Holiday Woes or Holiday Wellness: Perspective Is Everything

The holiday season is often more miserable than merry for workers, not because the hours are long and the labor is hard, but because depression is a hardship that is difficult to meet and a burden that is heavy to bear. But bear it they do,in silence and in pain, because they fear what may happen if they confide in a coworker or ask to consult with a doctor.


That this fear exists, that it is fearsome enough to scare the strongest individuals—and resilient enough to try the souls of the most steadfast workers—is reason enough for companies to work to banish this fear; for companies to conquer this fear.

According to the National Alliance on Mental Illness (NAMI),anxiety and depression increase during the holidays. The increase coincides with increased alcohol consumption and drug use, a cause-and-effect relationship in which psychological pain begets physical numbness; in which the urge to numb one’s feelings begets a descent into self-medication; in which one's medicine of choice—be it alcohol or drugs, or a combination of the two or a cocktail, so to speak, of drink and drugs both licit and illicit—begets a rapid decline in all respects; in which thinking about suicide begets, sadly, suicide itself.

A report from the Centers for Disease Control and Prevention (CDC) speaks to this issue in a more general sense, since depression is common among people of all ages. The questions, then, are:

  • What can companies do to be true to the cause of corporate wellness?

  • How can companies create a health and wellness campaign that answers this query and resonates with their respective workers?

Start with what the campaign should say—namely, that companies want to help their workers, not hurt them or have them endure a hurt too powerful to describe, too profound to detail, and too protracted to define.

Start, too, by saying what workers need to know and hope to hear: that a workplace is a safe place.

Let employees know that no one will betray their confidence, that what they say is confidential, that a company is here to act as each worker’s confidant. Let them know these things upfront, and remind them of this policy, so they can receive the help they need; so they can receive the help they have a right to enjoy.

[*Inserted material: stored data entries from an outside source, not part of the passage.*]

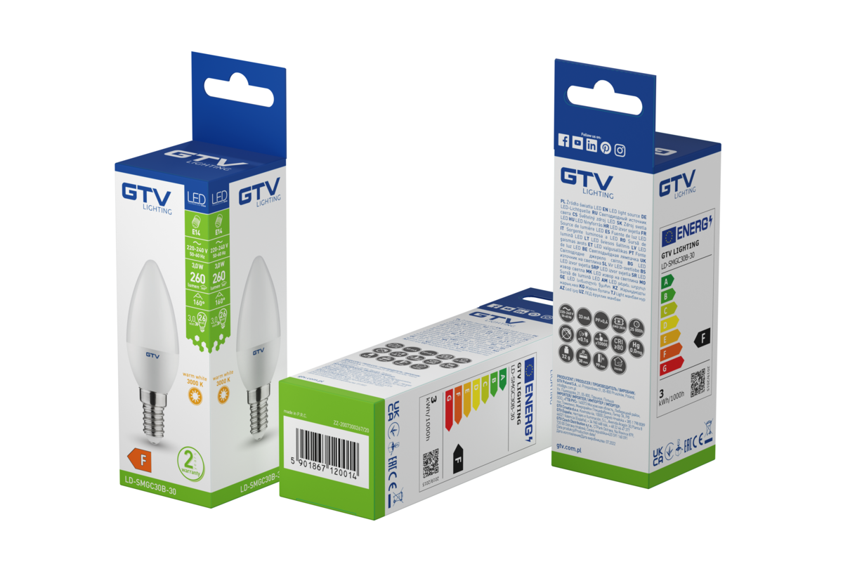ŹRÓDŁO ŚWIATŁA LED, A-G, C30, SMD 2835, 3000K, E14, 3,0W, AC220-240V, 160°, 260lm, 33mA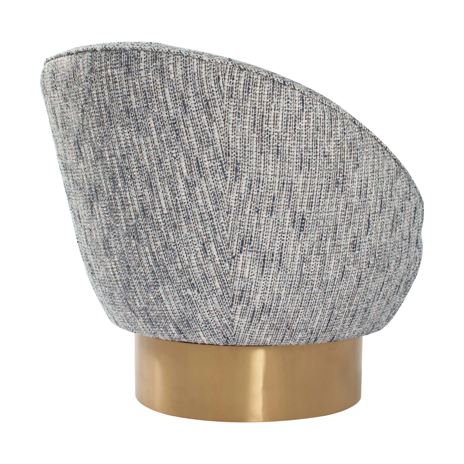 Plush and posh, our Rainmaker Swivel is now in a tweed fabric. A curvy back and brass base means this swivel is rich in style. Don’t forget to buy the left version of this chair to complete the set!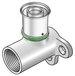 Press-Wandscheibe mit IG, aus entzinkungsbeständigen Messing (DZR) porenfrei metallisiert, inkl. Stützhülsen mit O-Ringen und Edelstahl-Presshülsen, „unverpresst undicht“ Gesamthöhe: 1/2″ – 46mm 3/4″ – 52mm KEINE Gewinderohre und Tempergussfittings eindrehen!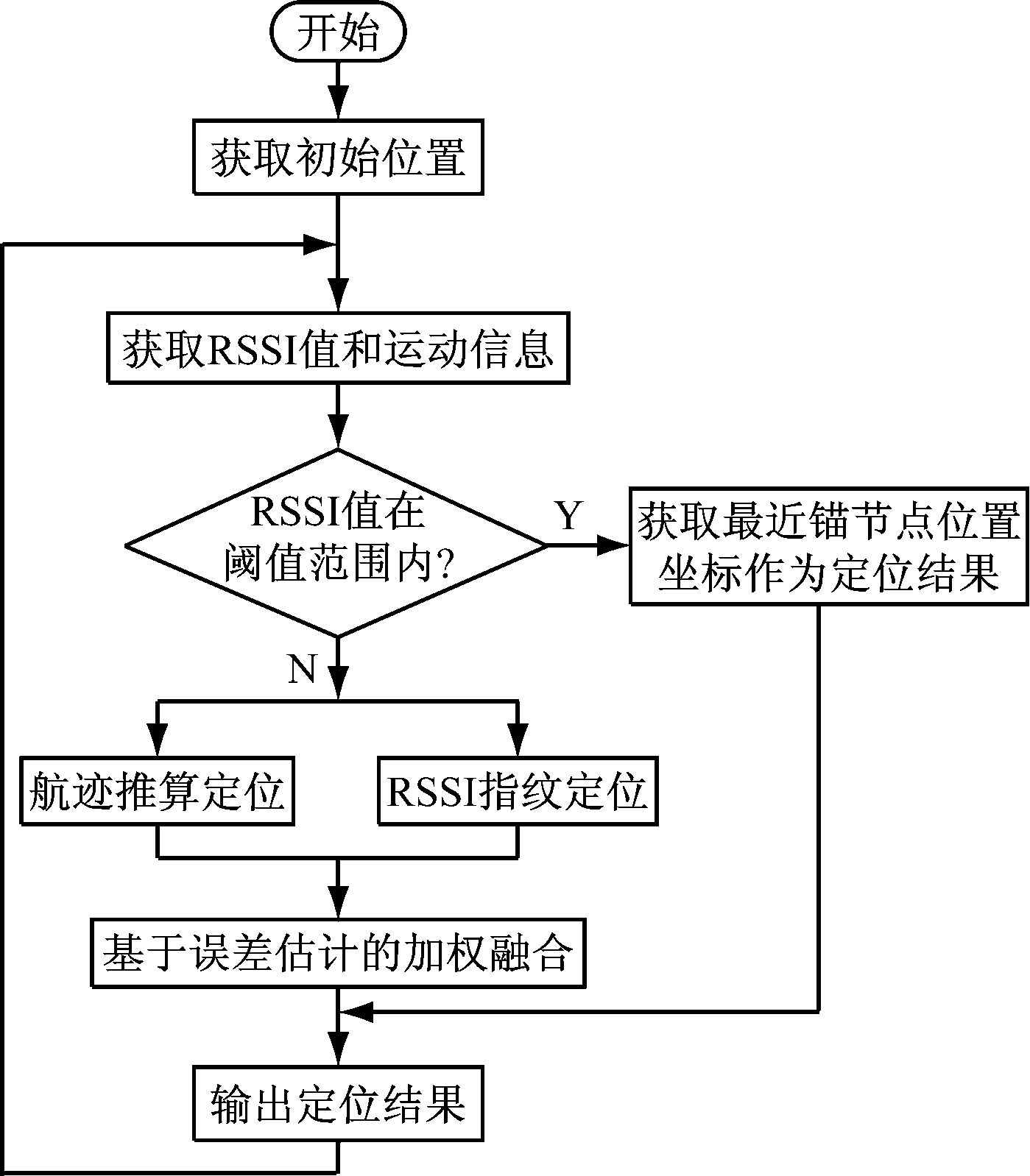 混合定位算法流程如图5所示。在定位起始阶段,利用RSSI指纹定位算法求解目标位置,作为目标航迹推算的初始坐标。在定位过程中,锚节点接收目标运动姿态信息和RSSI值,分别利用K近邻和峰值检测方法求解指纹定位结果和航迹推算结果,最后对2种定位结果进行加权融合,得到最终的目标位置。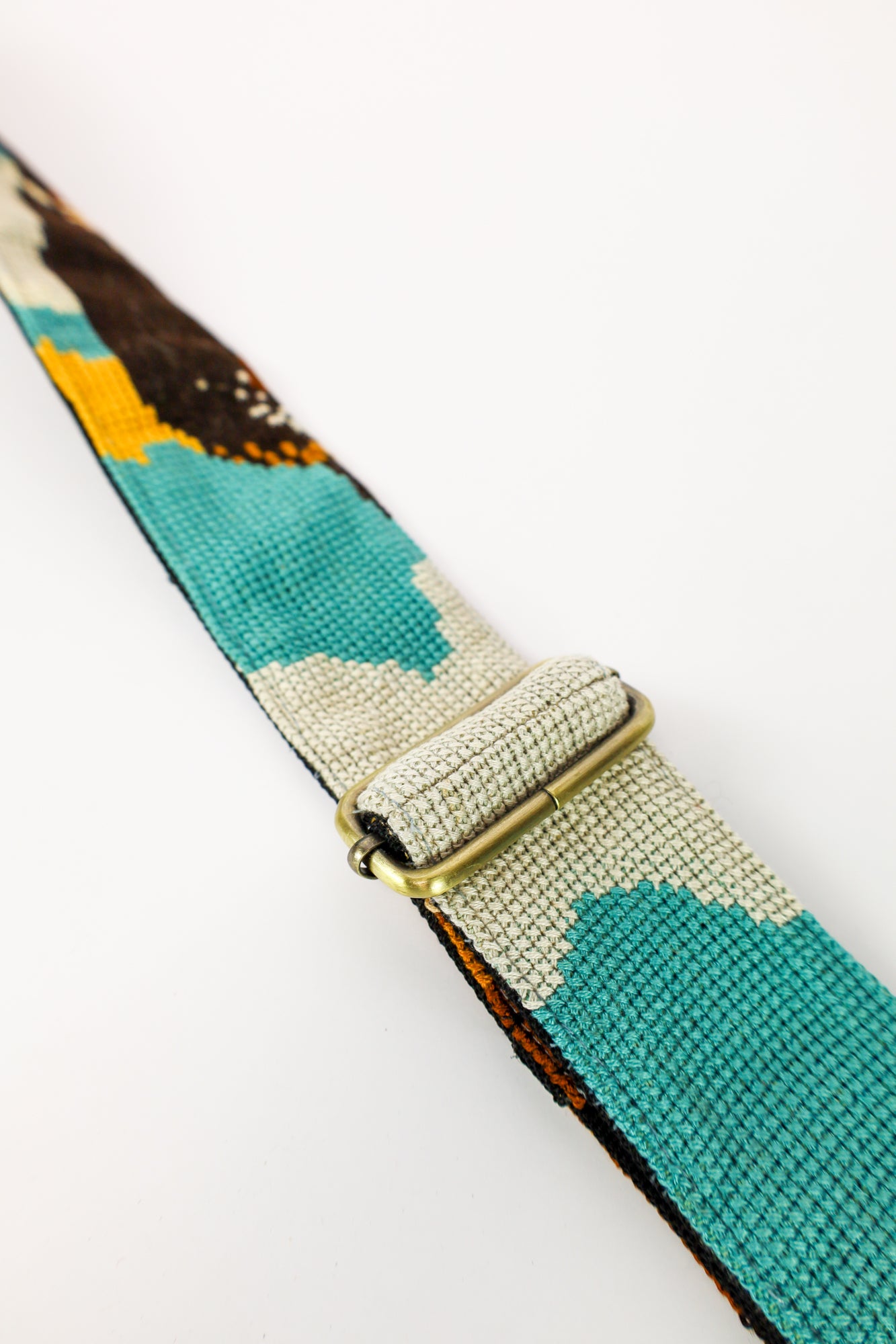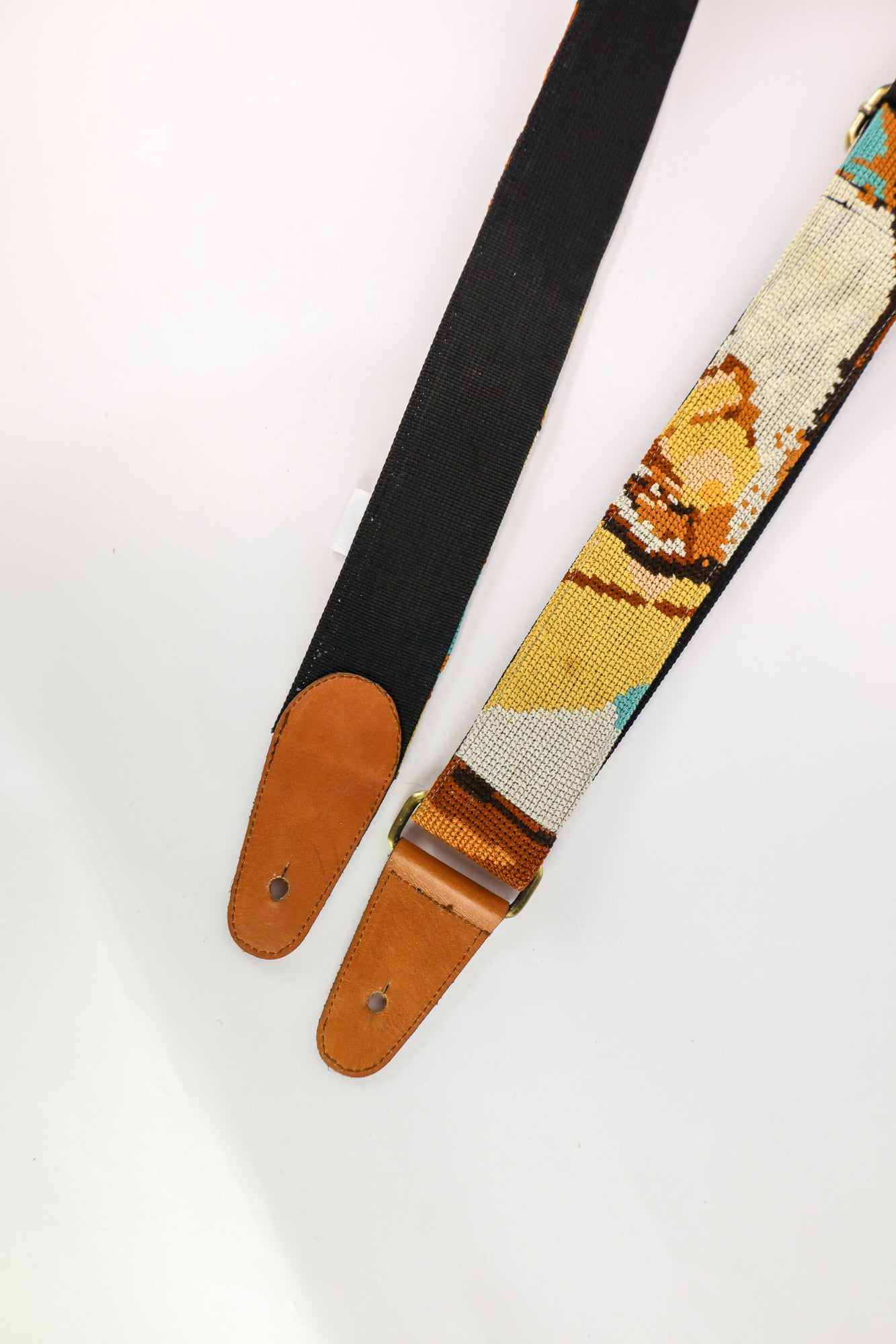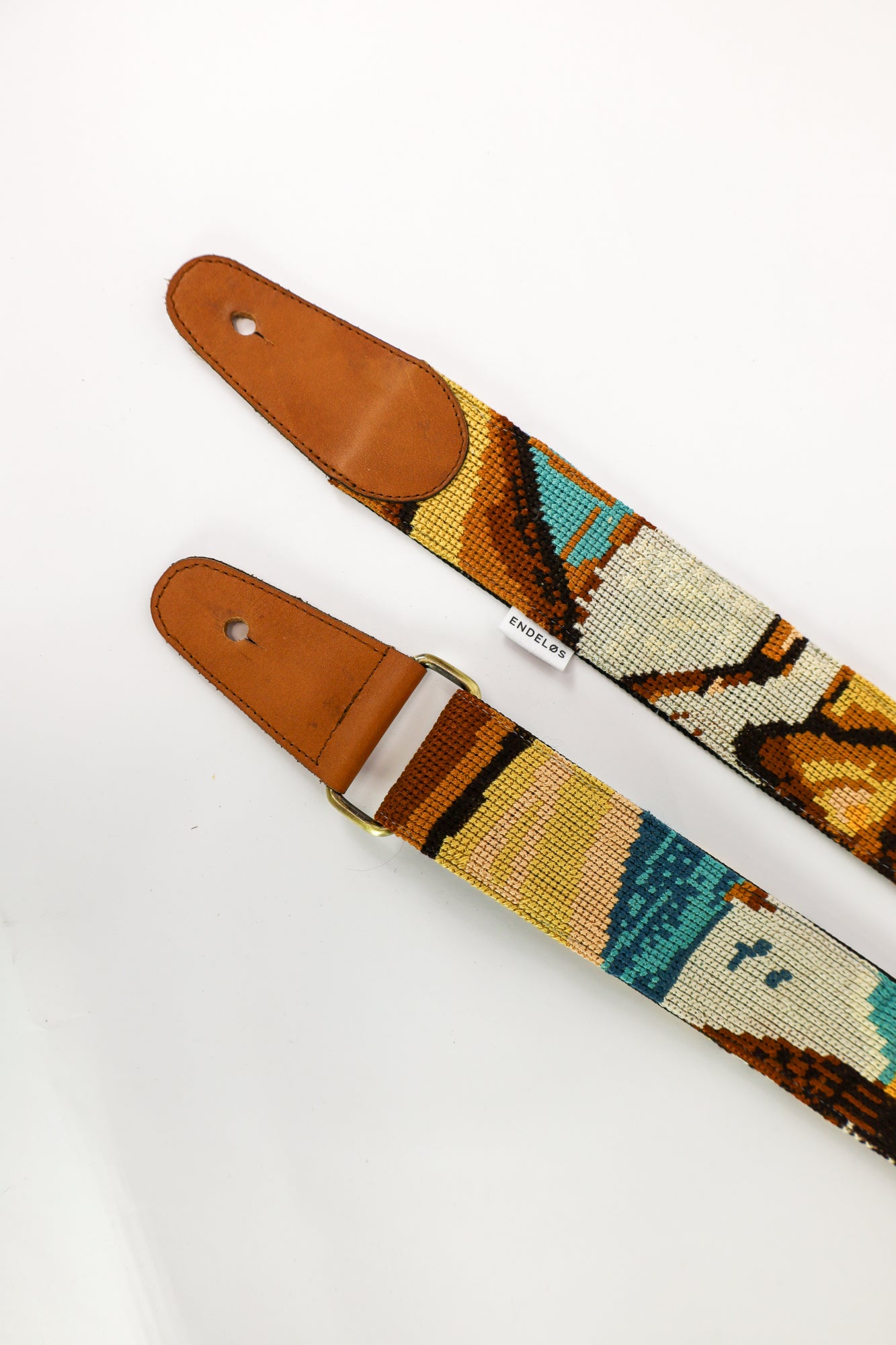 Deze gitaarband is gemaakt van een prachtig kleurrijk geborduurd schilderij, en het kunstwerk is in zijn volle glorie terug te zien in de hele band. Of je nu je gitaar wilt upgraden of een uniek statement wilt maken tijdens een optreden, deze band combineert stijl en functionaliteit op een bijzondere manier. Dankzij het gebruik van hergebruikte materialen is de gitaarband niet alleen duurzaam, maar ook een karaktervolle en unieke toevoeging aan je instrument. Geef je gitaar een persoonlijke, kunstzinnige uitstraling met dit bijzondere en stijlvolle accessoire.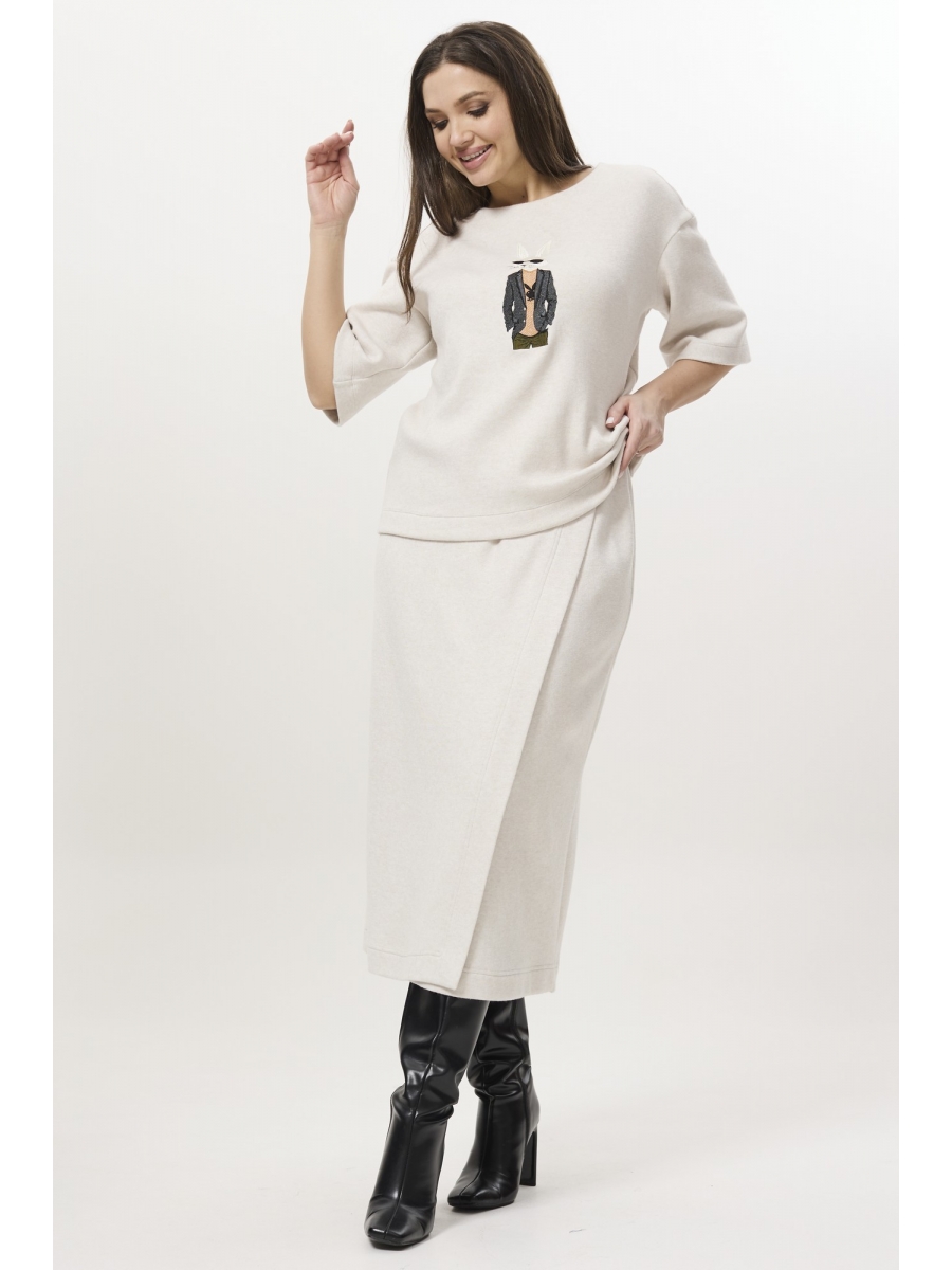 Юбка будет идеально смотреться с нашим ждемпером 1064 (на фото) или оба изделия можно купить костюмом 3036.

This campaign is an attempt to inform workers. It is informational from start to finish, because its success depends on repetition. Its success is a matter of leadership—a summons to seize the initiative—to prove a company cares about its workers.

It is more than a promise by a company, but a promise to keep. It is a union of words and actions in which what a company does determines the sincerity of what it says, in which words are a necessary salve but actions are an essential solution. It is a test of a company’s commitment to its workers. It is a test every company must pass.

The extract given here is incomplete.